Pada saat Pleret berada di bawah kekuasaan Trunojoyo, Amangkurat I dan Adipati Anom melarikan diri dari situasi tersebut. Dalam perjalanan pelarian mereka, Amangkurat I meninggal dunia di Tegal Wangi atau Tegal Arum, Jawa Tengah, pada tahun 1677 M. Sebelum meninggal, ia berwasiat kepada Adipati Anom untuk mencari bantuan dari VOC (Soekmono, Pengantar Sejarah Kebudayaan Indonesia, 1981).

Setelah Amangkurat I meninggal, Adipati Anom naik takhta sebagai penguasa Mataram Islam dengan gelar Amangkurat II. Tidak memiliki tentara, tidak diakui oleh sebagian besar bangsawan Mataram Islam, dan tidak memiliki banyak kekayaan, Amangkurat II dihadapkan pada satu-satunya jalan keluar, yaitu menjalin kesepakatan dengan VOC di Japara (sekarang Jepara).

(bagian timur).

Perjanjian Jepara disepakati oleh Amangkurat II dan VOC di Loji Belanda, Kabupaten Jepara, pada tahun 1677 M.

Leiden: Intituut Kita-Bangsa untuk Ilmu Pengetahuan Bahasa, Negeri, dan Bangsa [KITLV]: 91)

seperti Cirebon dan Priangan.

Langkah awal VOC adalah menunjuk beberapa bupati di Priangan untuk mengamankan monopoli perdagangan, terutama rempah-rempah.

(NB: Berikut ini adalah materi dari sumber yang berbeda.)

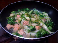 Over goes three ladlefuls of stock and a couple of drops of sesame oil. I then jam a dinner plate over the top for three minutes so the salmon steams and the vegetables hand back some of their temerity.
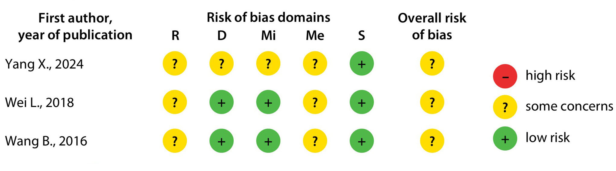 According to the RoB 2 system algorithms, all CTs included in the review raised concerns regarding the overall risk of bias (Figure 3). All CTs had a moderate risk of bias related to randomization, as none of them used allocation concealment as a measure to protect the randomization process. The risk of bias related to deviations from the intervention protocol was assessed as moderate for the CT by X. Yang et al., based on the repor-ted significant impact of low adherence to the protocol on one of the endpoints, as well as the absence of pharmacological therapy in the negative control group. For this same CT, the risk of bias related to missing endpoint data was also assessed as moderate due to the absence of relevant data for more than 10% of participants [27]. All included CTs raised concerns regarding the risk related to endpoint assessment, due to the lack of blinding of both participants and medical staff. The risk of bias related to the selective reporting of results was assessed as low in all cases.
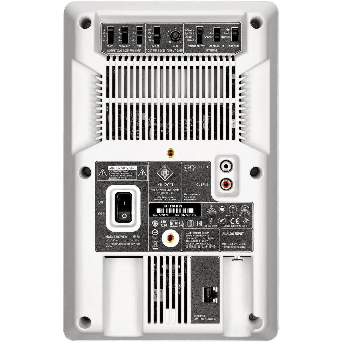 Ljudtekniker, musiker och producenter som behöver en studiomonitor av hög kvalitet kommer att bli begeistrade av den antracitfärgade Neumann KH 120 MKII, en 2-vägs aktiv studiomonitor som är väl lämpad för närfältsmonitorering och flerkanaliga uppsättningar i musikstudior, broadcastcenter och minibussar, såväl som hemmastudior och stationära ljudapplikationer. KH 120 MKII använder två förstärkare (80 W vardera) för att driva 5,25-tums bashögtalaren respektive 1-tums diskanten, en inbyggd DSP-motor, en matematiskt modellerad dispersionsvågledare (MMD), en analog ingång och ett omfattande utbud av valfria monteringsdetaljer.
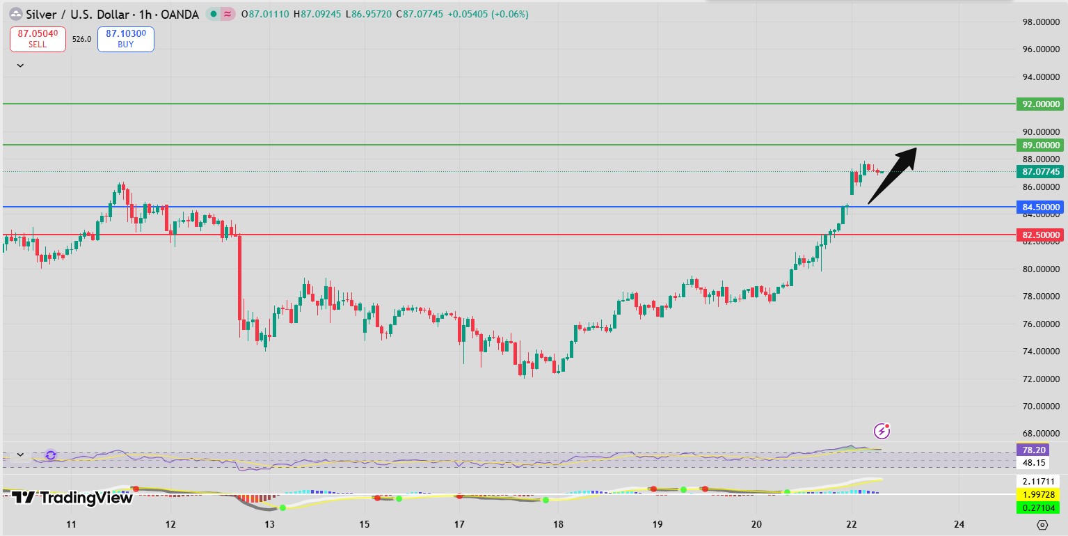Immediate resistance is located at 89.00. A sustained move above this level would confirm renewed buying pressure and likely trigger acceleration toward the extended upside objective at 92.00. Holding above the pivot reinforces the short-term constructive structure and keeps bullish momentum active.
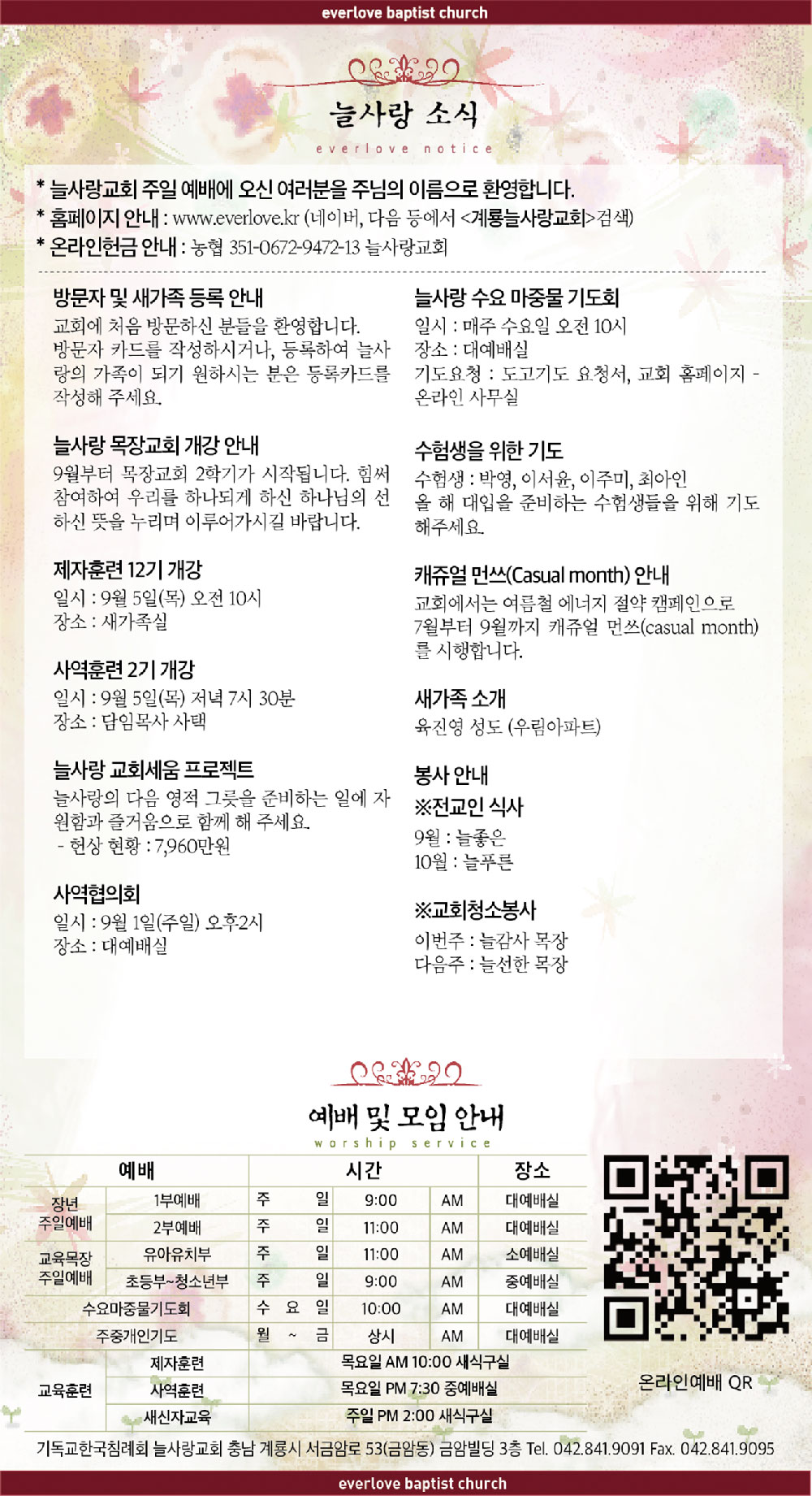 말씀이 삶이되는 늘사랑교회 늘사랑의 다양한 소식들을 전해 드립니다. 예배 순서와 말씀 본문도 보실 수 있습니다. 진행되는 사역들을 위해 함께 기도해 주세요. Tags:늘사랑 목장교회 개강 안내늘사랑 수요 마중물 기도회로마서 6장 15-23절모든 걸음 죄시네사역협의회사역훈련 2기 개강새가족 소개(육진영 성도)수험생을 위한 기도시편 139편예수를 나의 구주삼고의에게 내주어 거룩함에 이르라전교인 식사 9월 늘좋은제자훈련 12기 개강침례식캐쥬얼 먼쓰 안내하늘 위에 주님 밖에
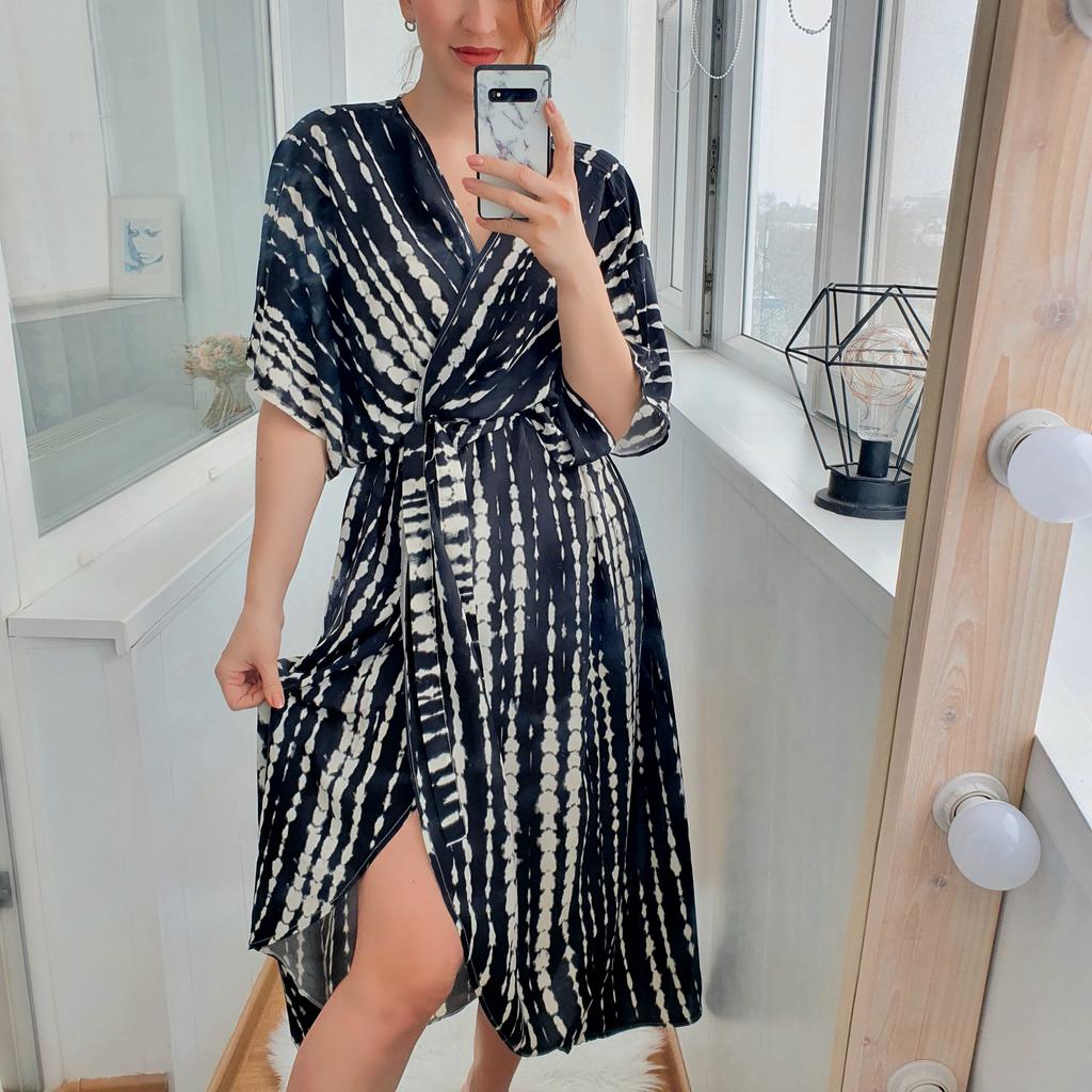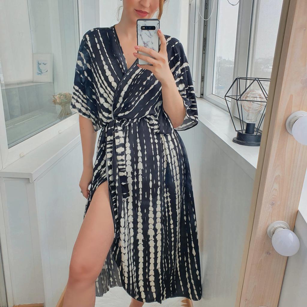 2022 Bikini Cover-Ups Zwarte Retro Gestreepte Zelf Belted Plus Size Womensummer Kimono Jurk Strandkleding Badpak cover Up Q1225
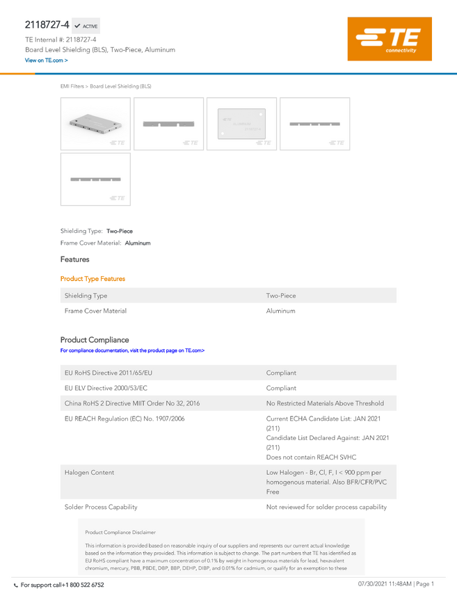 2118727-4 TE Connectivity TE AMP Board Level Shielding 2118727-4, 1 szt.
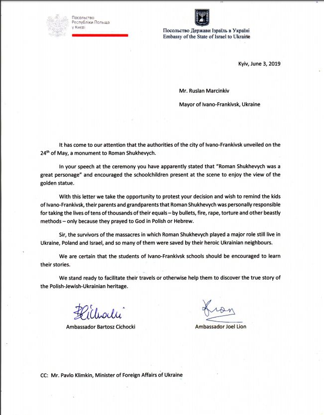 Надзвичайний та Повноважний Посол Держави Ізраїль в Україні пан Джоел Ліона та Надзвичайний та Повноважний Посол Республіки Польща в Україні пан Бартош Ціхоцкий написали спільного відкритого листа до мера міста Івано-Франківськ пана Руслана Марцінківа висловлюючи протест проти відкриття в місті нового пам’ятника Роману Шухевичу.
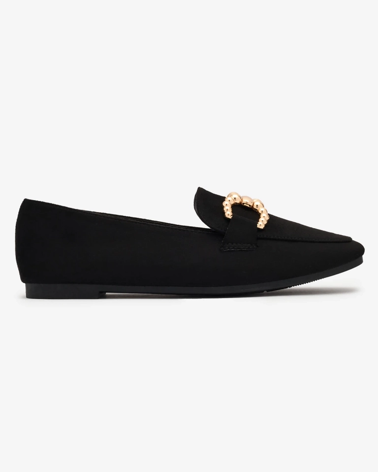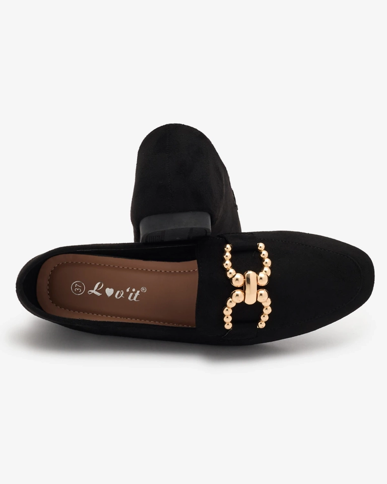 Royalfashion Черные женские мокасины из эко-кожи с украшением Bissefi
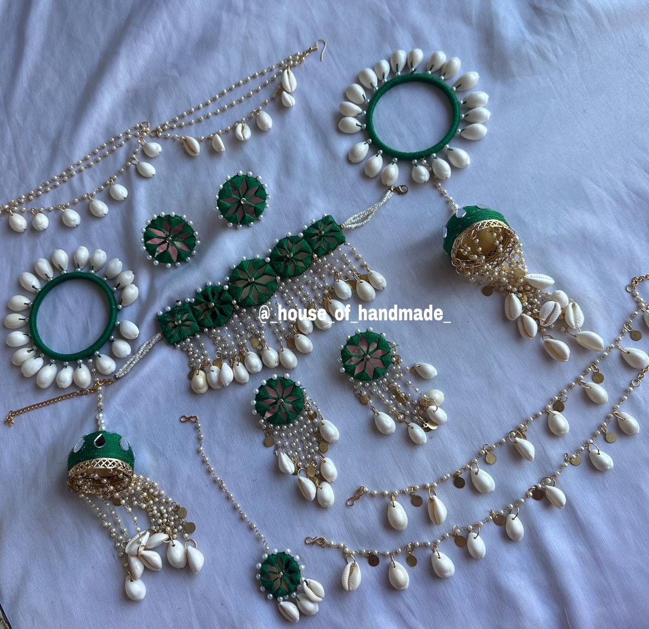 Embrace elegance and tradition with this Green Shell Pearl Jewelry Set. The stunning combination of deep green embroidery, natural shell embellishments, and delicate pearl strings creates a harmonious blend of style and heritage.
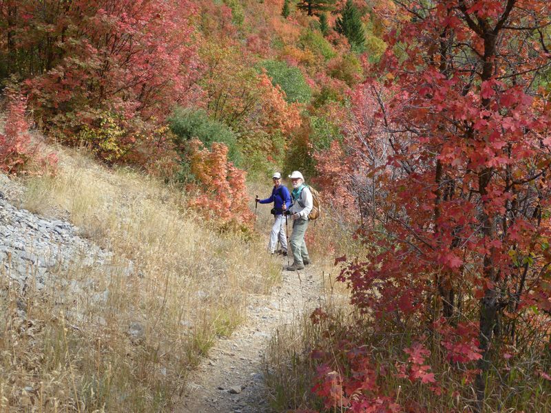 Home After meeting at Smith's Marketplace in Logan, we carpooled up to the trailhead in Smithfield Canyon and started hiking about 8:50. Within a few minutes we encountered the remains of a turkey on the trail after an unknown predator had eaten all but the feathers and feet. Farther up the trail we came upon the remains of a grouse, another meal for some predator. The fall colors were out in splendor, especially along the first couple of miles before the higher elevations of the Mt. Naomi Wilderness. We encountered a section of newly renovated trail, with extensive tread work and brushing. Later we learned that the Utah Conservation Corp had done the work. Unfortunately, there is a lot more of this trail that needs major work. Maybe next year? Higher up the trail, we found evidence of a Wilderness violation - logs that had been cut with a chainsaw. After a leisurely lunch overlooking Cottonwood Canyon, we headed back down the trail, enjoying great fall colors, pleasant weather and a section of newly renovated trail. Trip Summary:

Sementara itu, Cirebon sepenuhnya berada di bawah pengaruh VOC setelah beberapa tahun, pasca konflik internal di Kesultanan Cirebon sekitar tahun 1680-an.

Tidak ada teks yang saya dapatkan untuk diolah.

(1976: 77)

Pemerintahan tidak langsung dengan mengangkat bupati-bupati boneka.

Pada sisi pemerintahan, VOC turut mengatur kebijakan internal, baik di Kesultanan Cirebon maupun di Kartasura pada masa kemudian. Suksesi kepemimpinan di kedua kerajaan ini sepenuhnya dikendalikan oleh VOC.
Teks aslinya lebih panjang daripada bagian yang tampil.